Crossan might have replied to the question asked by the woman on my call list, “Yes, I know the meaning of ‘Thy kingdom come.’ It means ‘Let’s make sure everyone on earth gets a fair share.’” In other words, let’s build a solid, effective system of human services, plus go out there and give in person, generously, to the people we meet. He’d have given the woman good reason not to waste time fearing retribution from a violent God, and maybe to vote my way on the issue I called her about.
You can watch a video of the sermon Crossan gave at UCUCC the day after his series ended, “Walking the Way of Nonviolence: Is the God of the Christian Bible Violent?", which picks up some of his lecture themes. This charming, funny talker has surely kissed the blarney stone.










Comments:
Posted Tue, Nov 3, 10:06 a.m. inappropriate
That's an interesting answer for sure. I wonder how the woman you called would have responded.
I've read the first half of the Left Behind series. While those books are good fiction, I have a hard time understanding the underlying worldview. It is so much at odds with what is in the Bible, not to mention with reason. I think that when one reads all of the Bible, one finds that the understanding of God is complex and ambiguous. In other words, the people of the ancient Middle East had as much trouble figuring it out as we do.
I would also make the observation that there is exactly one violent act attributed to Jesus in the New Testament: his overturning of the money changers' tables at the temple. There's something to chew on in light of today's economic climate.
Posted Tue, Nov 3, 11:11 a.m. inappropriate
Jesus came back in 1993. You didn't know that? Yeah, 'both' of the then living true believers were caught up to meet him in the air. There are a lot of self-proclaimed christians who think they're sheep, but act like goats.
Posted Tue, Nov 3, 12:46 p.m. inappropriate
@Wells - wellsaid
@pepper - I would argue Jesus' behavior in the temple was explosive, but not violent the way I understand the word. "Violent" simply means "violating". I think the story makes clear that the moneychangers and salesmen were violating God's house.
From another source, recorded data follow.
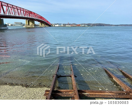 船の引き上げ船台(引揚船台) のレールと厚岸大橋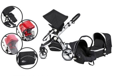 Mama Kiddies Prémium Baby 3 az 1-ben babakocsi kiegészítőkkel fekete-fehér színben + Ajándék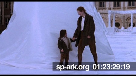 Description Orlando and daughter walking through covered grounds of Great House, Orlando takes daughters hand, voice over finishes narrative
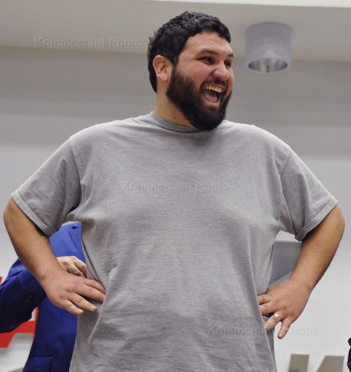 Процедура взвешивания боксеров перед международным боксерским шоу THE REAL BOXING, кульминацией которого станет поединок за титул чемпиона мира по версии WBA во втором среднем весе (до 76,2 кг) между российским боксером Федором Чудиновым и австралийским боксер Беном МакКлухом, прошла в холле стадиона "Арена Химки". Президент Российской ассоциации байкеров Александр Залдостанов перед началом взвешивания в холле стадиона "Арена Химки".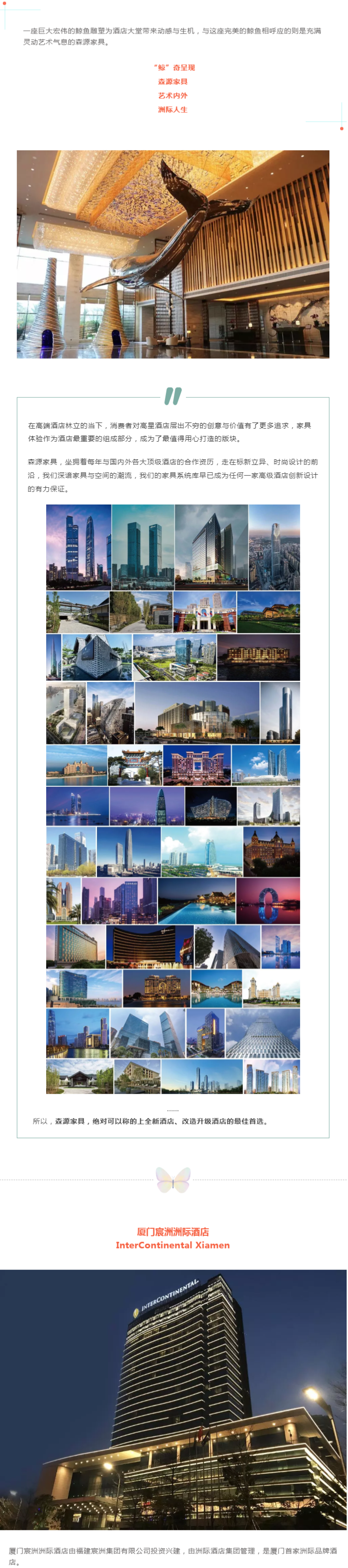 歡迎您前往美麗的廈門,體驗(yàn)美麗的廈門宸洲洲際酒店與森源家具的“鯨”奇空間!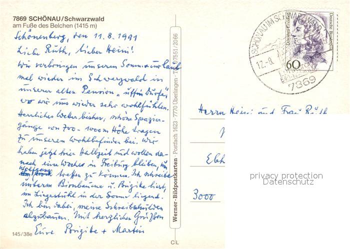 73597257 alte Postkarte Schoenau Schwarzwald Panorama postalisch gelaufen Erhaltung siehe scans [WerneD78] KatCode: 11110008336079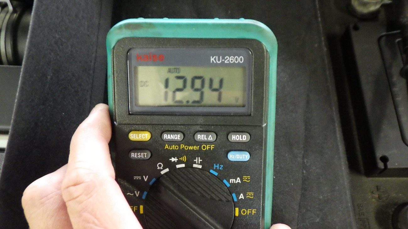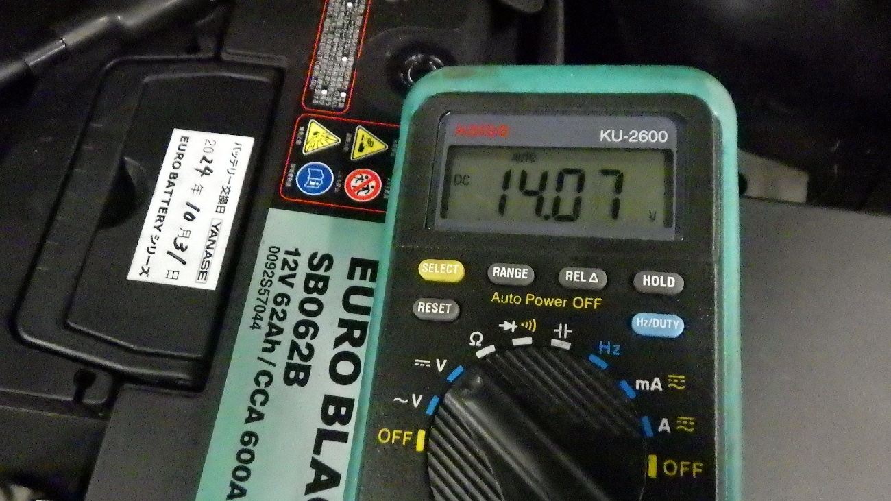 無負荷状態のアイドリングで14.07Vと充電システムは回復致しました。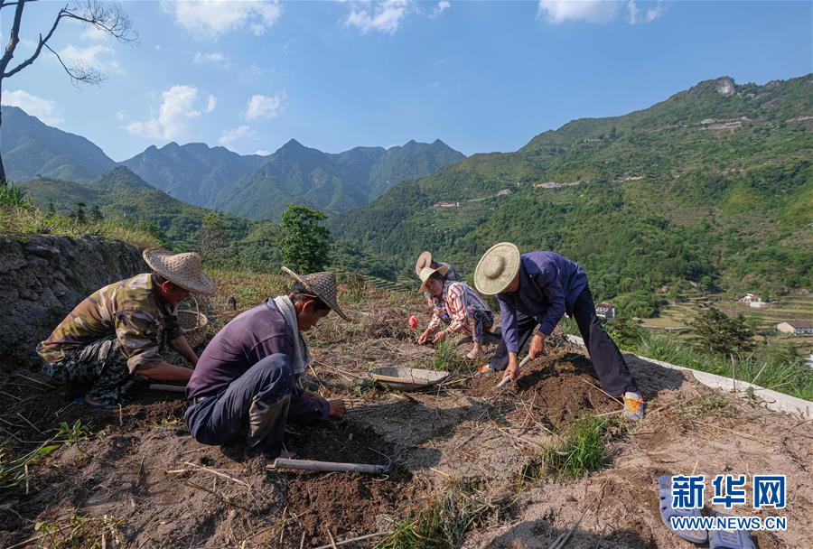5月12日,青田縣巨浦鄉(xiāng)西坑村的村民在梯田收獲中藥貝母。當(dāng)?shù)夭扇『献魃缂懈N,冬春種中藥、夏秋種養(yǎng)水稻和田魚的方式,全面提升土地利用率和收益。新華社記者徐昱攝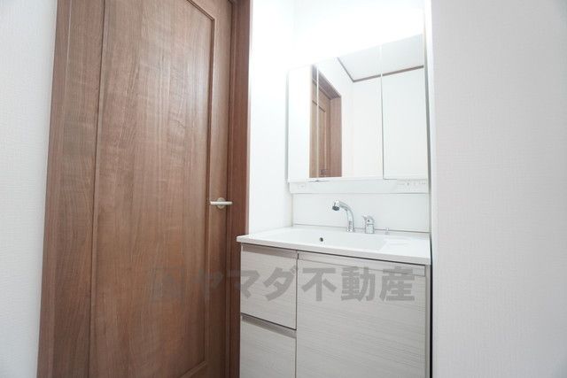 三面鏡裏収納付き洗面化粧台です^^ 歯磨きセットやスキンケア用品などの収納に便利ですね。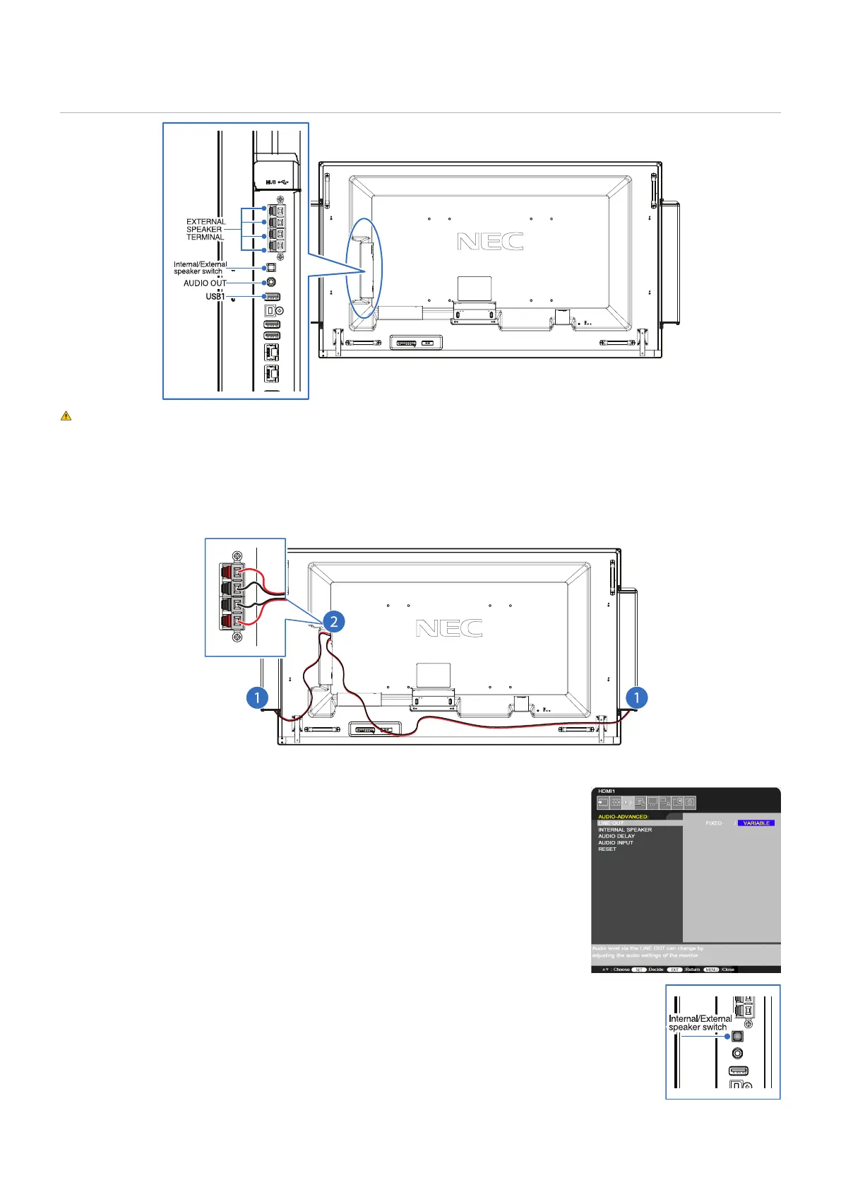 • The monitor automatically detects the external speaker; you do not need to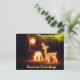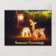 Sessões Saudações Feliz Cartão de Posto de Vestidos de Natal com Luzes de Natal de Deer iluminadas e um Chifre de Natal brilhante na porta da frente. Posto de Natal Festivo Cartão para empresários ou amigos celebrarem o Natal.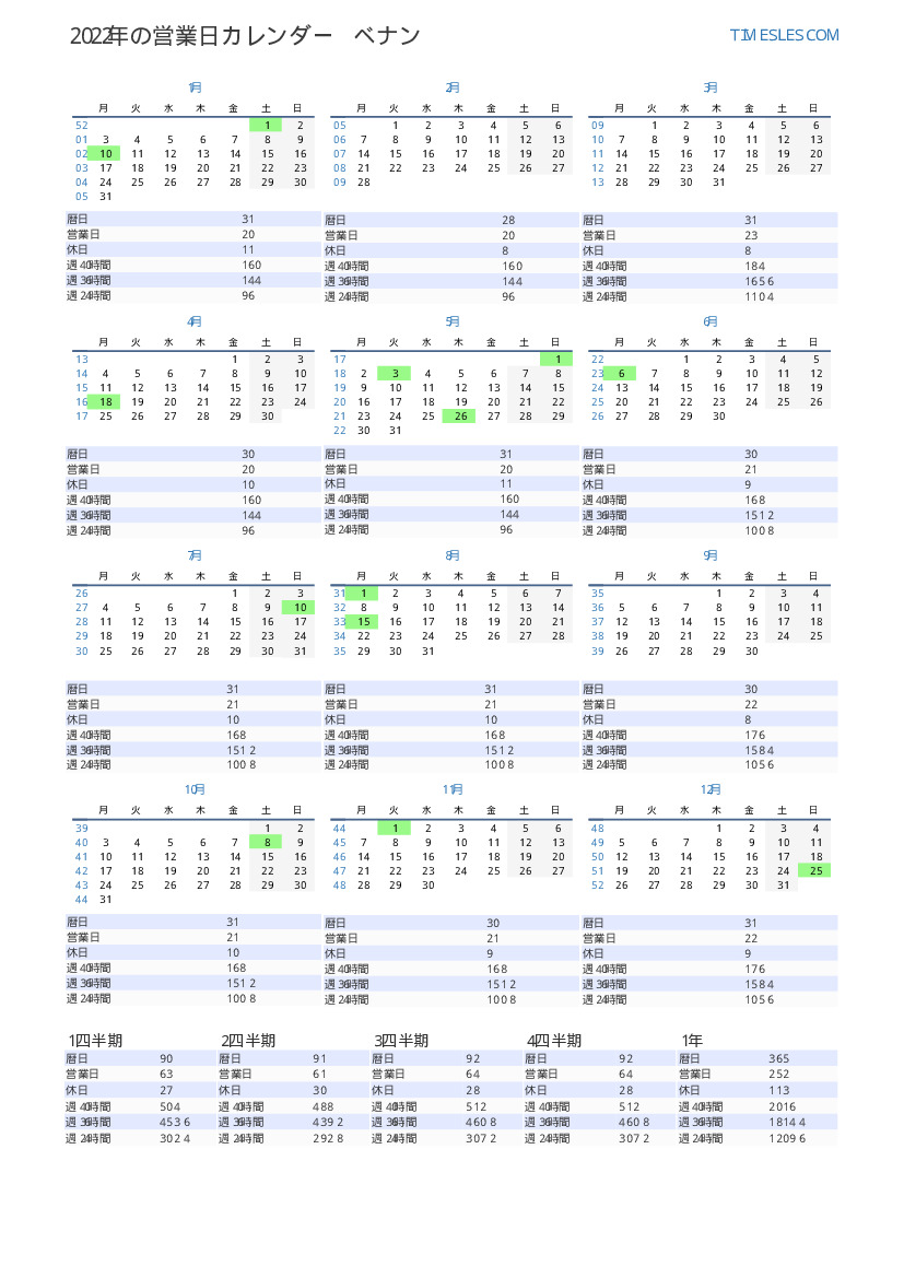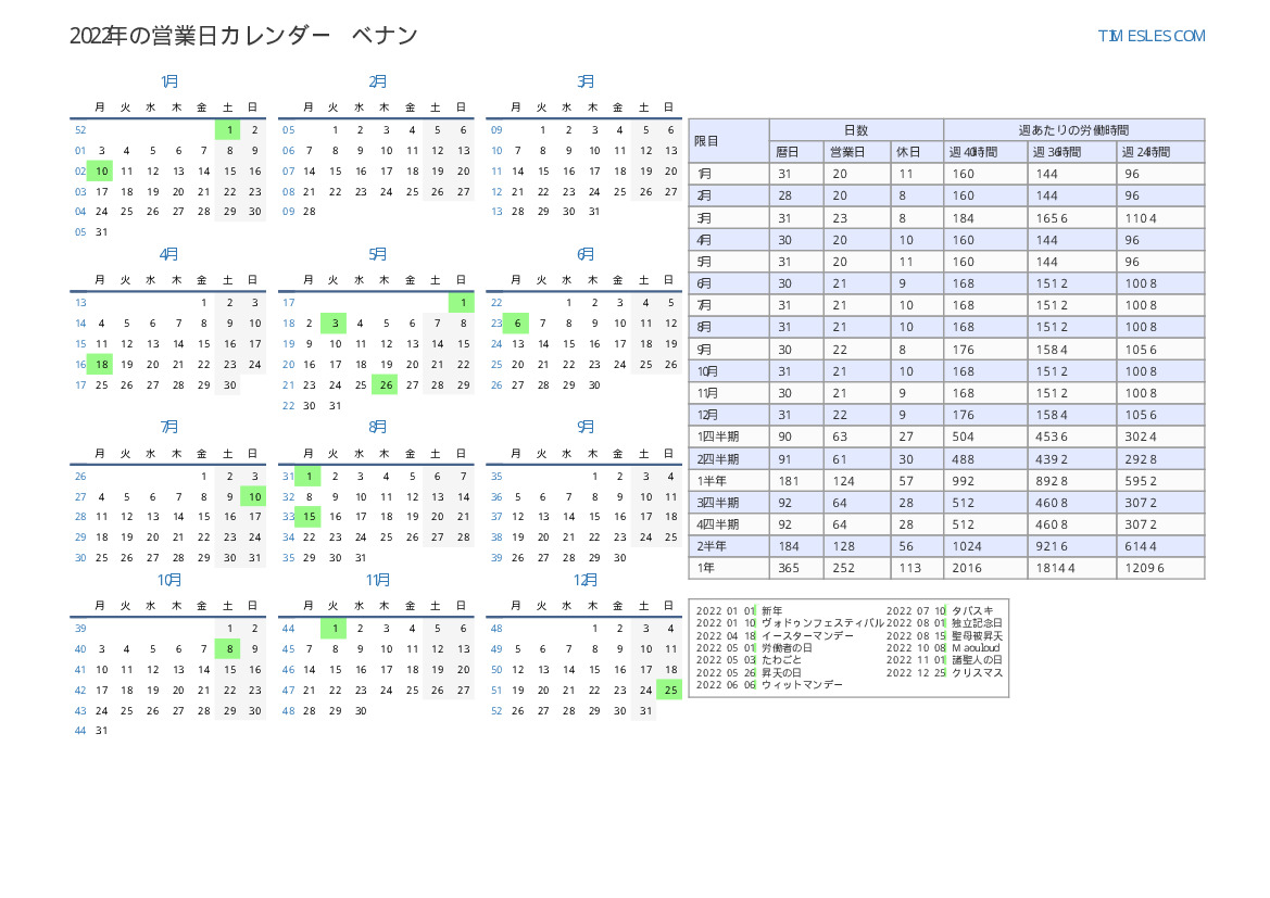 ベナンのために2022年第2四半期の休日と週末の営業日カレンダー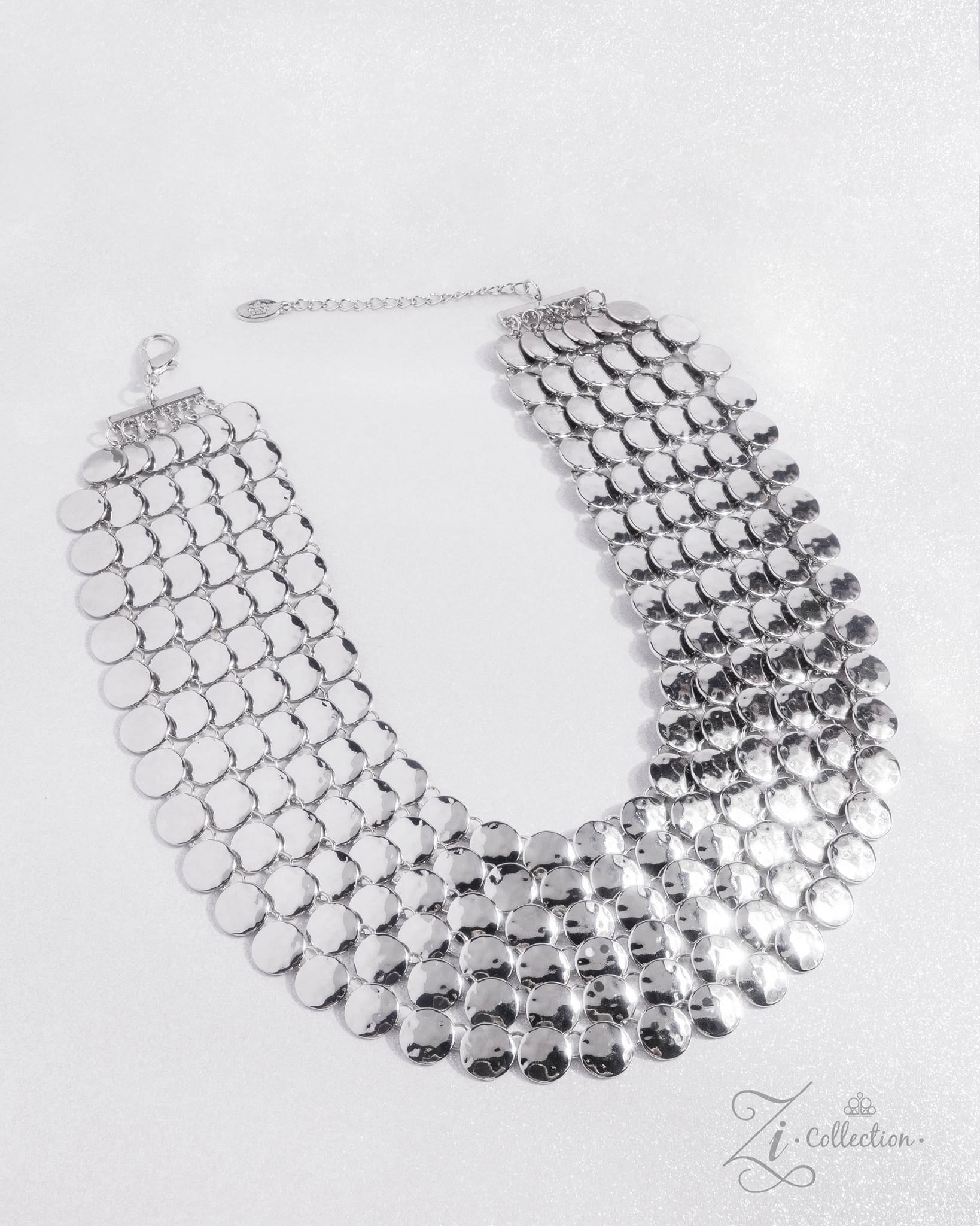 Featuring a subtly hammered finish, a collection of shiny silver discs delicately connect into statement-making rows, cascading below the neckline in layers and showcasing their intense detail and highly reflective luminescence. Features an adjustable clasp closure. Sold as one individual necklace. Includes one pair of matching earrings.
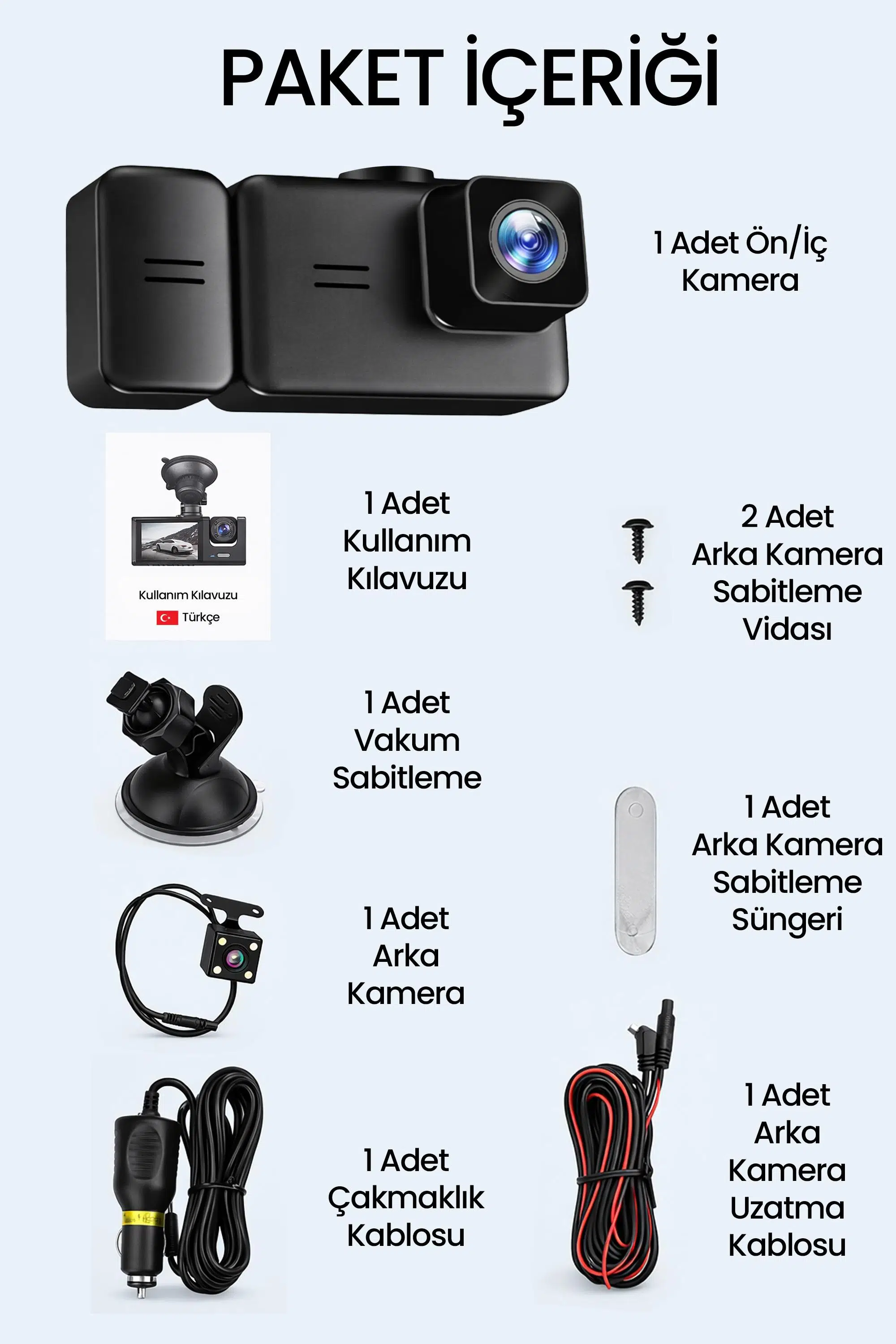 | Etiketler | 3 Kameralı Wifi Ekran Araç Kamerası FullHD Geniş Ön + Arka + Araç İçi Kamera Hareket Sensörü EF1313 |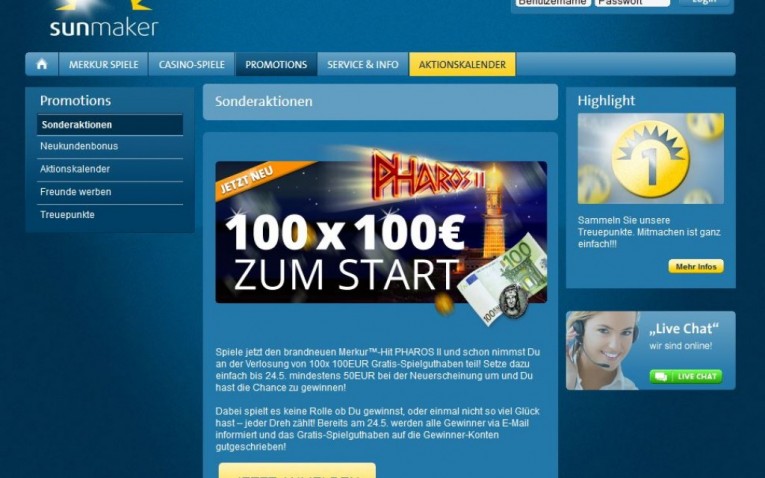 Besonders interessant war an dieser Stelle, dass keine Software heruntergeladen werden musste. Die sehr gute Qualität des Flash-Casinos überzeugt dabei schlechthin. Dabei kann der Kunde Treuepunkte sammeln, die die Form von Sonnen haben. Wenn 100 Sonnen gesammelt wurden, können damit 1 Euro verdient werden. Ein attraktives Treueprogramm, welches sich wirklich sehen lassen kann. Auch als Handy Casino hatt sich Sunmaker verbessert, lesen sie hierzu den Testbericht zum Merkur Spiele App.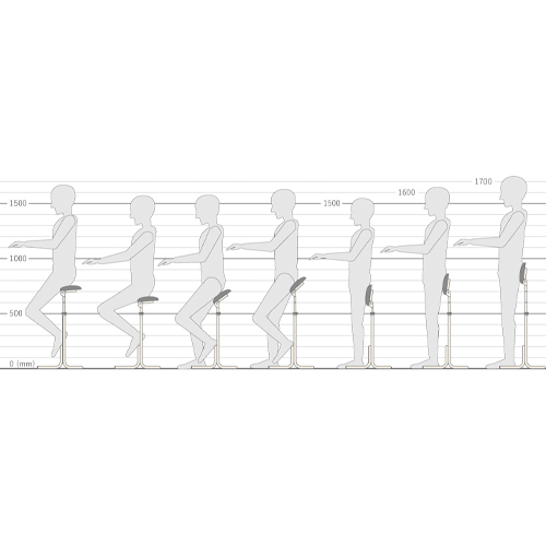 ●サイズ(mm)…370(W)×150(D)×650~930(H) ●カラー…ブラック/ブラック ●脚幅…300mm ●重量…4.3kg ●材質…PVC、スチールパイプ ●耐荷重…100kg ●座面調整高さ(mm)…チェア使用時:650~850(5段階) スタンディング時:730~930(5段階) ●座面角度調節…0°~78°(14段階) ●適合身長…150~180cm(目安) ●日本製 ●カウンター越しでの接客、レジ打ち、工場等、様々な作業場の高い位置でのワークに使用することで疲労を軽減し、効率的な作業をサポート。 ●着座時は一般的な椅子より、高さがあるため高い位置での作業を座って行えます。 また、着座時でも、顔の位置が低くなり過ぎないため、目線が起立時とそれほど変わらずに、接客などもスムーズな対応が可能になります。 ●高さ調節が自在で、シート位置は65cmから85cmまで、約5cm刻みでぴったりフィット。 ●作業に合わせて14段階ギア(1段階6°)角度調節ができて背もたれから座面に使用できます。 ●フレーム付属のピンで簡単操作、高さ調整もストレスフリー。 ●耐荷重100kgの頑強な設計は、立ち作業を効率的かつ快適にサポートします。 ●使い手の身体に寄り添う、頼れる補助椅子。 ●立ち作業をもっとラクに、もっとスムーズに。 ●コンパクトで軽量なため、邪魔にならず、移動も容易。 ●参考在庫数・商品詳細・サイズ情報はメーカー(参考)URLからもご確認いただけます。 ●最小出荷単位: 1

Jesus was not violating anyone, and in fact was doing the vendors a solid by setting them straight, as they obviously needed schoolin'. I think of the event less as a case of Jesus being violent and more like when cold and warm air currents come together along a weather front. It was [meta]physics. Sump'm had to give...
I love this article and this view of God. I'll be checking out more of Crossan. Thanks so much, Judy.
Posted Tue, Nov 3, 2:53 p.m. inappropriate
This conversation is well and good except for the fact that, according to the Christian tradition, it was God himself who "poured out His wrath" upon Jesus. It doesn't get one very far saying that Jesus was a swell godman/teacher here to teach us a sort-of benevolent grandfatherly cheer and then ignoring the fact that he suffered the horrendous violence of the cross. . .under God's authority.
Is God Violent? God is certainly violent. I don't know how a person can read either the old or new testaments and come away with a different conclusion. The question to be asked should be "what is the nature of his violence?" Is it the type of violence one displays when he is perpetrating a crime? or is it closer to the type of violence one displays when his family is being threatened?